- Designed by: Victor Alvarez
- First appeared: 2013
- Stable release: 4.5.8 / 28 July 2026; 1 month ago
- Filename extensions: .yara
- Website: virustotal.github.io/yara

= YARA =

Rule-based malware analysis tool

YARA is a tool primarily used in malware research and detection.

It provides a rule-based approach to create descriptions of malware families based on regular expression, textual or binary patterns. A description is essentially a YARA rule name, where these rules consist of sets of strings and a Boolean expression.
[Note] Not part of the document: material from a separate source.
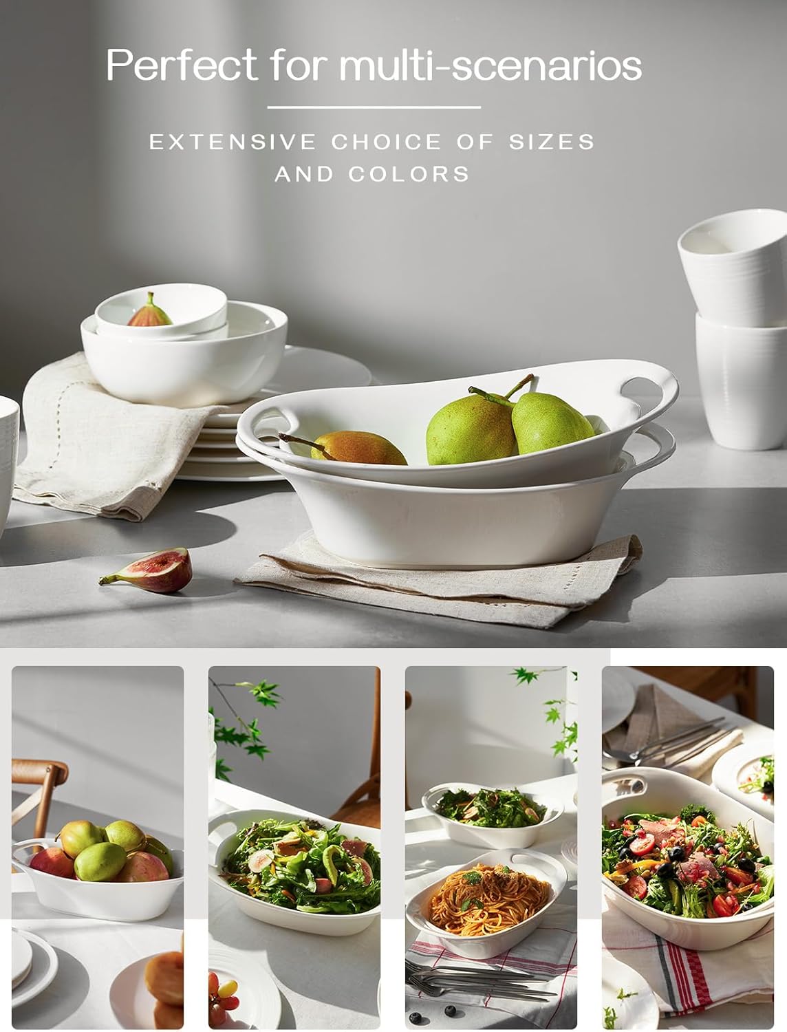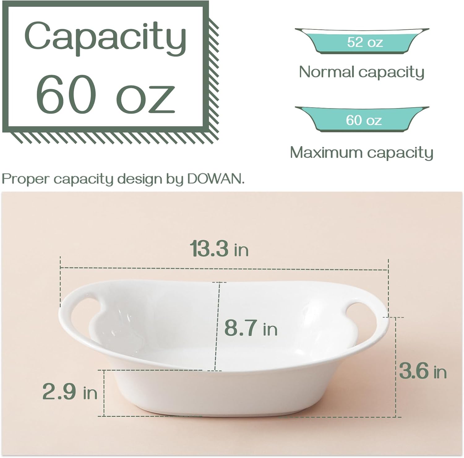 - Convenient Handled Design: This DOWAN large serving bowls has built-in handles on both sides, making it comfortable to hold and eaiser to move foods around at any time. Large Serving bowls with handles can avoid hurting your hands by serving hot food.

Analysts write YARA rules to capture the DNA of malware families, persistent elements like code fragments, configuration strings, and structural patterns expressed as text, hex sequences, or regex with Boolean logic. This signature-based detection survives file mutations that defeat hash matching, enabling identification of variants and related samples across large datasets.

== History ==
YARA was originally developed by Victor Alvarez of VirusTotal and released on GitHub in 2013. The name is an abbreviation of YARA: Another Recursive Acronym or Yet Another Ridiculous Acronym. In 2024, Alvarez announced that YARA would be superseded by a rewrite called YARA-X, written in Rust. A first stable version of YARA-X was released in June 2025, marking the passage of the original YARA into maintenance mode.

== Design ==

YARA by default comes with modules to process PE, ELF analysis, as well as support for the open-source Cuckoo sandbox.